2. Description of the Related Art
As modern society has rapidly developed and become more complex, there is a need to protect and monitor human and/or technology resources. In this regard, a security and monitoring system plays an important role. Performance of the security and monitoring system depends on the automation level and quality of images obtained from the system. For instance, the security and monitoring system is increasingly utilized in various fields, such as entrances of offices or companies, public hallways in financial agencies, and crossroads. In addition, the monitoring system is used for obtaining images or pictures to be used as evidence.
Recently, various technologies have been developed for monitoring systems. One is a monitoring system equipped with an omni-directional camera, called a “panoramic visual surveillance system”. Different from other monitoring systems, the panoramic visual surveillance system can obtain panoramic videos from all directions by using the omni-directional camera, so that it is easy to automatically trace or detect moving objects.
A monitoring system equipped with one omni-directional camera and a plurality of active cameras has been provided. This monitoring system traces the moving object in all directions using the omni-directional camera and monitors the moving object by simultaneously controlling the active cameras having pan, tilt and zoom functions.
However, the above panoramic visual surveillance system must convert the circular 360° image of the omni-directional camera into the linear panoramic image so as to allow a user to easily detect the moving object based on the linear panoramic image. That is, the circular 360° image as shown in FIG. 1A is converted into the linear panoramic image as shown in FIG. 1B. In order to convert the circular image into the linear panoramic image, coordinate conversion of the image must be performed several times. The coordinate conversion requires high precision, and a relatively long processing time to compensate for parts not having pixels when producing the linear panoramic image, which causes low resolution and degradation of monitoring performance.

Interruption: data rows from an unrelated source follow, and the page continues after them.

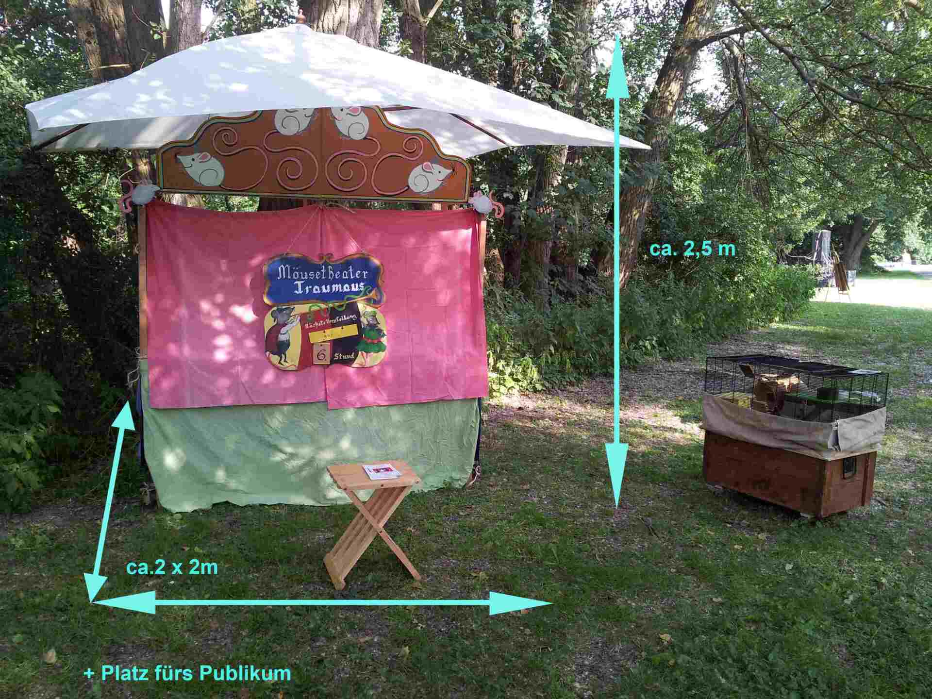 Für Bühne und Aufführungen davor brauchen wir ca. 2 x 2 Meter.
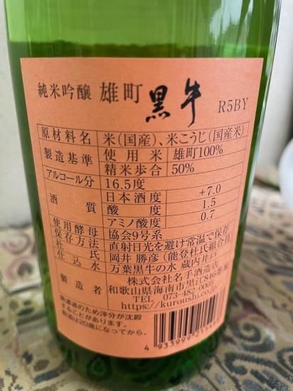 黒牛 純米吟醸 雄町 720ml 日本酒 瓶燗急冷火入れ 令和7年 名手酒造 R5BY 辛口 食中酒に最適 万葉黒牛の里 紀州名水50選
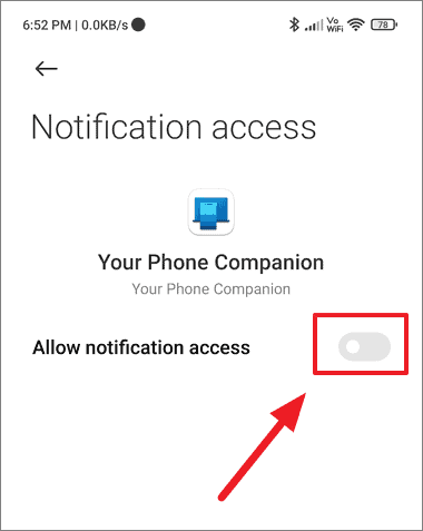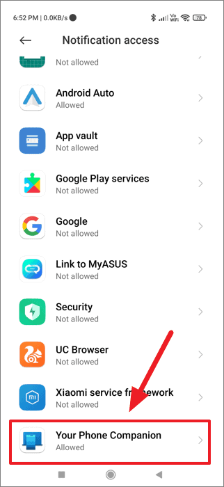 - Find and select Your Phone Companion, then toggle on Allow notification access.
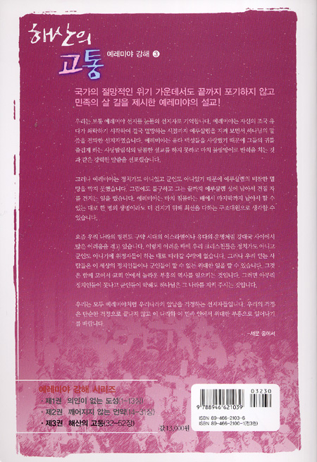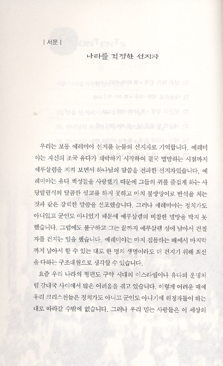 ¹ÎÁ·ÀÇ »ì ±æÀ» Á¦½ÃÇÑ ¿¹·¹¹Ì¾ßÀÇ ¼³±³! ¿ì¸®´Â º¸Åë ¿¹·¹¹Ì¾ß ¼±Áö¸¦ ´«¹°ÀÇ ¼±ÁöÀÚ·Î ±â¾ïÇÕ´Ï´Ù. ¿¹·¹¹Ì¾ß´Â ÀÚ½ÅÀÇ Á¶±¹ À¯´Ù°¡ ¼â¶ôÇϱ⠽ÃÀÛÇÏ¿© °á±¹ ¸ê¸ÁÇÏ´Â ½ÃÁ¡±îÁö ¿¹·ç »ì·½À» ÁöÄѺ¸¸é¼ Çϳª´ÔÀÇ ¸»¾¸À» ÀüÆÄÇÑ ¼±ÁöÀÚ¿´½À´Ï´Ù. ¿¹·¹¹Ì¾ß´Â À¯´Ù ¹é¼ºµéÀ» »ç¶ûÇ߱⠶§¹®¿¡ ±×µéÀÇ ±Í¸¦ Áñ°Ì°ÔÇÏ´Â »çÅÁ¹ß¸²½ÄÀÇ ´ÞÄÞÇÑ ¼³±³¸¦ ÇÏÁö ¸øÇÏ°í ¸¶Ä¡ ºÒ¹æ¸ÁÀÌ·Î ¹Ý¼®À» Ä¡´Â °Í°ú °°Àº °·ÂÇÑ ¸»¾¸À» ¼±Æ÷Çß½À´Ï´Ù. ±×·¯³ª ¿¹·¹¹Ì¾ß´Â Á¤Ä¡°¡µµ ¾Æ´Ï¾ú°í, ±ºÀεµ ¾Æ´Ï¾ú±â ¶§¹®¿¡ ¿¹·ç»ì·½ÀÇ ºñÂüÇÑ ¸ê¸ÁÀ» ¸·Áö ¸øÇß½À´Ï´Ù. ±×·³¿¡µµ ºÒ±¸ÇÏ°í ±×´Â ³¡±îÁö ¿¹·ç»ì·½¼º¿¡ ³²¾Æ¼ °ÇÁú ÀÚ¸¦ °ÇÁö´Â ÀÏÀ» Çß½À´Ï´Ù. ¿¹·¹¹Ì¾ß´Â ¸¶Ä¡ ħ¸ôÇÏ´Â ¹è¿¡¼ ¸¶Áö¸·±îÁö ³²¾Æ¼ ÇÒ ¼ö ÀÖ´Â ´ë·Î ÇÑ ¸íÀÇ »ý¸íÀÌ¶óµµ ´õ °ÇÁö±â À§ÇØ ÃÖ¼±À» ´ÙÇÏ´Â ±¸Á¶ ´ë¿øÀ¸·Î »ý°¢ÇÒ ¼ö ÀÖ°Ú½À´Ï´Ù. ¿äÁò ¿ì¸® ³ª¶óÀÇ ÇüÆíµµ ±¸¾à½Ã´ëÀÇ À̽º¶ó¿¤À̳ª À¯´ÙÀÇ ¿î¸íó·³ °´ë±¹ »çÀÌ¿¡¼ ¸¹Àº ¾î·Á¿òÀ» °Þ°í ÀÖ½À´Ï´Ù. ÀÌ·¸°Ô ¾î·Á¿î ¶§¿¡ ¿ì¸® Å©¸®½ºÃµµéÀº Á¤Ä¡°¡µµ ¾Æ´Ï°í ±ºÀεµ ¾Æ´Ï±â¿¡ À§Á¤ÀÚµéÀÌ ÇÏ´Â ´ë·Î µû¶ó°¥ ¼ö ¹Û¿¡ ¾ø½À´Ï´Ù. ±×·¯³ª ¿ì¸® ¹Ï´Â »ç¶÷µéÀº ÀÌ ¼¼»óÀÇ Á¤Ä¡ÀεéÀ̳ª ±ºÀεéÀÌ ÇÒ ¼ö ¾ø´Â À§´ëÇÑ ÀÏÀ» ÇÒ ¼ö ÀÖ½À´Ï´Ù. ±×°ÍÀº ÇÔ²² ¸ð¿©¼ ±³È¸ ¾È¿¡¼ ³î¶ó¿î ºÎÈïÀÇ ¿ª»ç¸¦ ÀÏÀ¸Å°´Â °ÍÀÔ´Ï´Ù. ±×·¯¸é ¾Æ¹«¸® Á¤Ä¡ÀεéÀÌ ¸ø³ª°í ±ºÀεéÀÌ ¾àÇØµµ Çϳª´ÔÀº ±× ³ª¶ó¸¦ ÁöÄÑ Áֽô °ÍÀÔ´Ï´Ù. ¿ì¸®´Â ¸ðµÎ ¿¹·¹¹Ì¾ßó·³ ¿ì¸®³ª¶óÀÇ ¾Õ³¯À» °ÆÁ¤ÇÏ´Â ¼±ÁöÀÚµéÀÔ´Ï´Ù. ¿ì¸®ÀÇ °ÆÁ¤Àº ´Ü¼øÇÑ °ÆÁ¤À¸·Î ³¡³ªÁö ¾Ê°í ÀÌ ³ª¶ó¿Í ÀÌ ¹ÎÁ· ¾È¿¡¼ À§´ëÇÑ ºÎÈïÀ¸·Î ÀϾ±â¸¦ ¹Ù¶ø´Ï´Ù - ¼¹®Áß¿¡¼ ***************************** ¿¹·¹¹Ì¾ß °ÇØ ½Ã¸®Áî Á¦1±Ç ÀÇÀÎÀÌ ¾ø´Â µµ¼º(1-13Àå) Á¦2±Ç ±ú¾îÁöÁö ¾Ê´Â ¾ð¾à(14-31Àå) Á¦3±Ç ÇØ»êÀÇ °íÅë(32-52Àå) ***************************** ÀúÀÚ ¹× ¿ªÀÚ ¼Ò°³
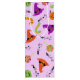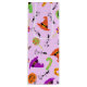 Fun Halloween wine gift bag with witch's hat, candies and pumpkins on a light purple background. Perfect for presenting a bottle of wine to someone who has a birthday around Halloween time or a gift for the host of a Halloween party.
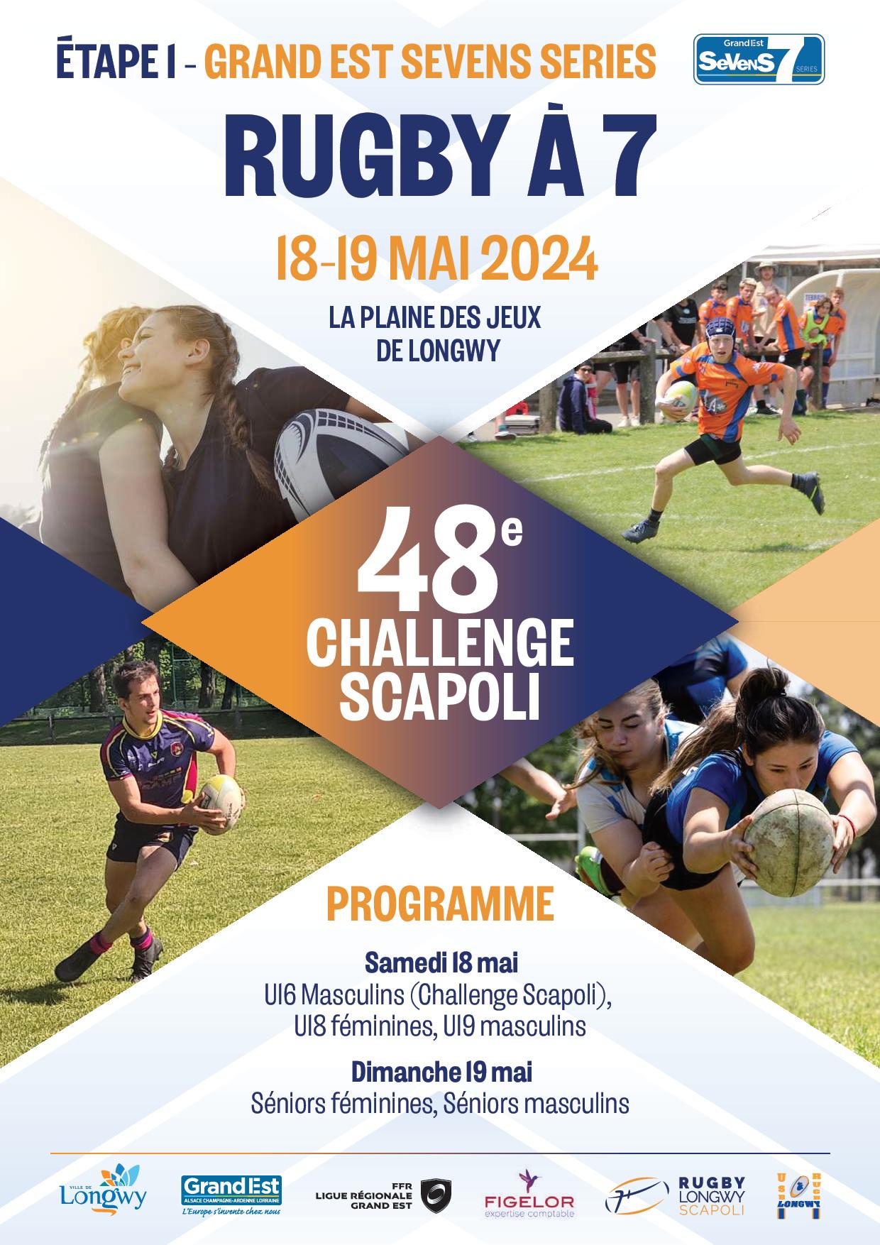 Les 18 et 19 mai 2024, le 48ème CHALLENGE SCAPOLI accueille l'étape 1 du GRAND EST SEVENS SERIES
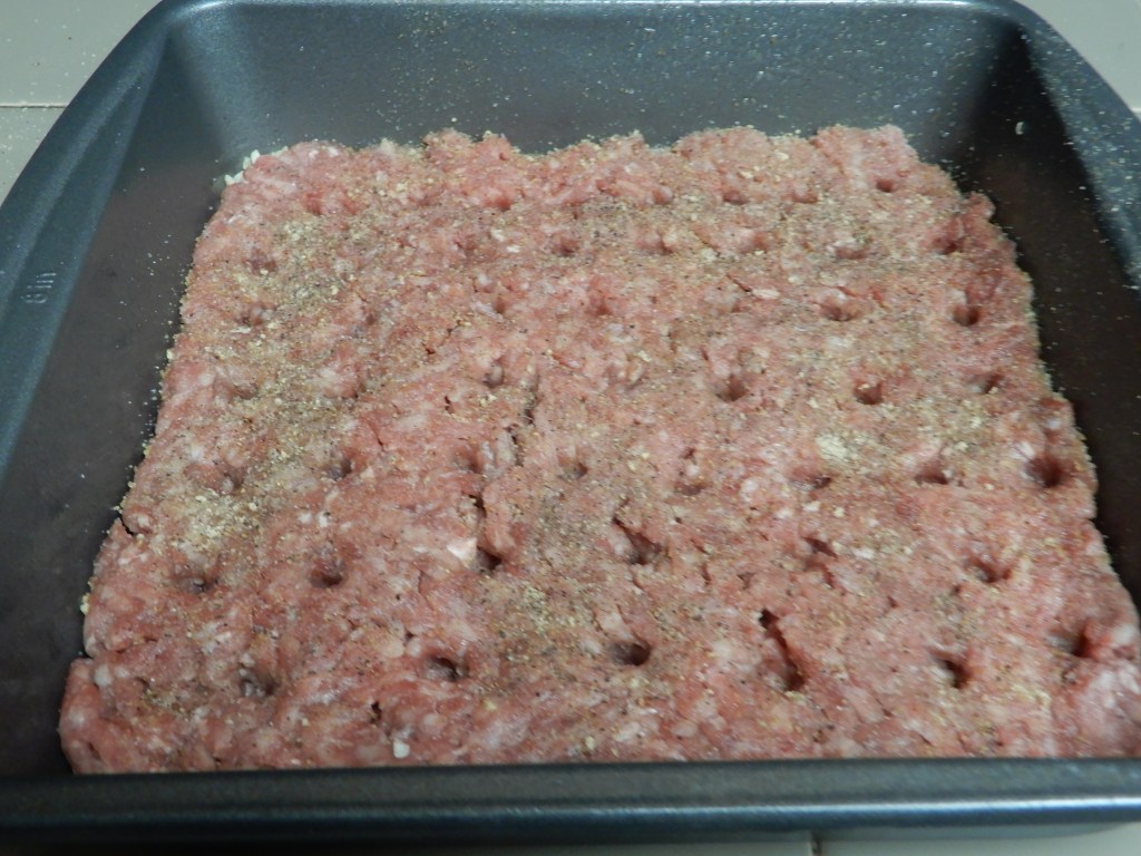 Using the handle of a wooden spoon, poke holes all over the burger. Place in the heated oven and bake for 15 minutes or until cooked through.
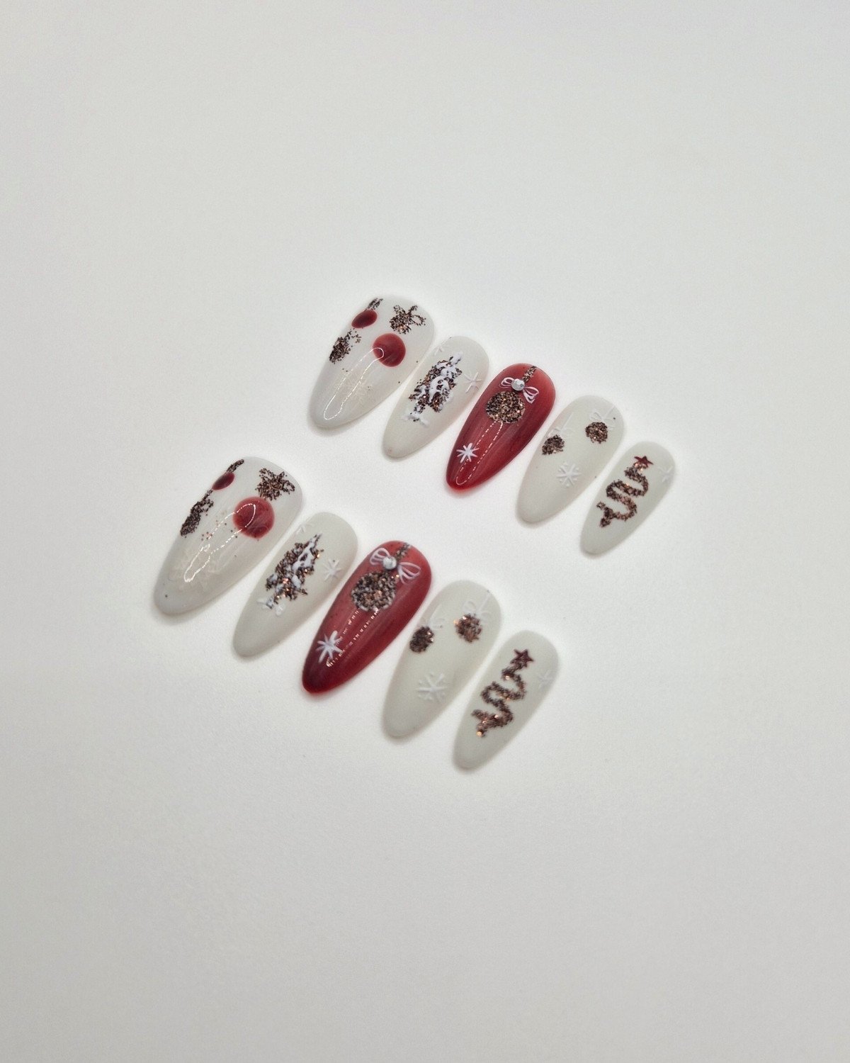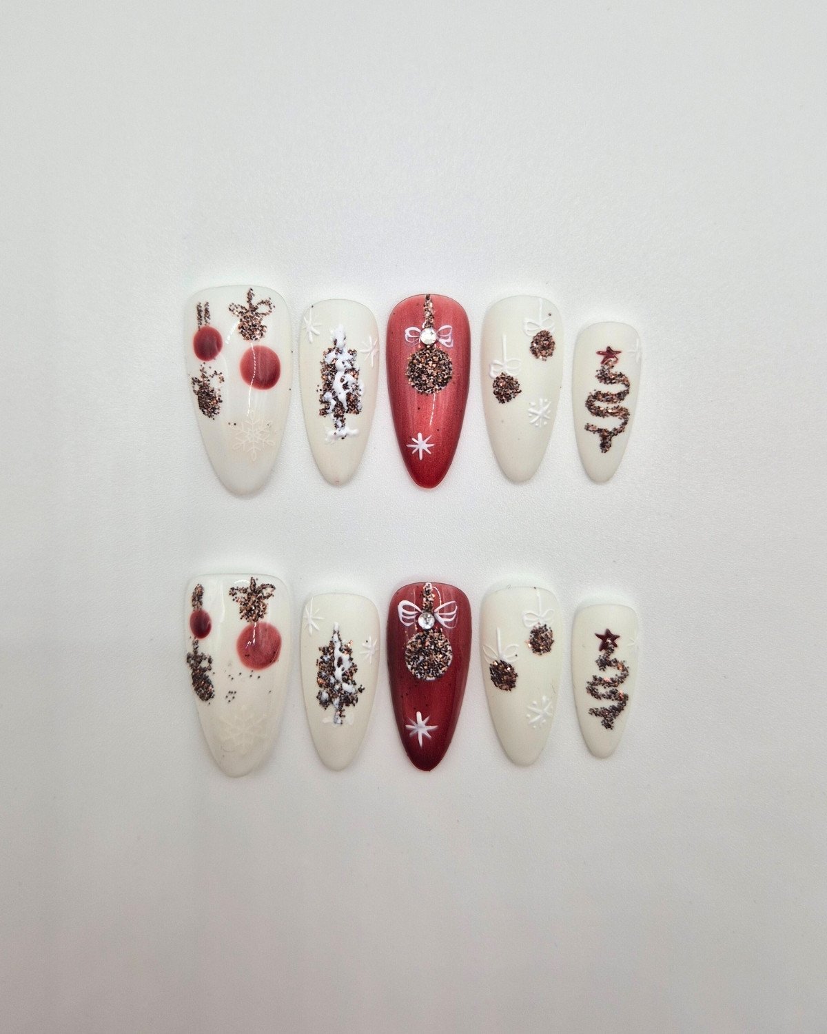 A white and red Christmas design with bauble, tree and snowflake accents.

In the case of the monitoring system equipped with one omni-directional camera and a plurality of active cameras, as shown in FIG. 2, it is necessary to install pan and tilt cameras 20, 30 and 40 in addition to the omni-directional camera 10 and to provide software in order to control the above cameras. Thus, the monitoring system is inefficient in view of power consumption and software when it is installed in equipment having a low storage capacity, such as a robot.
The conventional panoramic visual surveillance system requires relatively long software processing time when it is applied to a large monitoring region, causes low resolution and degradation of performance. The conventional monitoring system equipped with one omni-directional camera and a plurality of active cameras is inefficient for automatically detecting and tracing a moving object or an intruder in a predetermined region.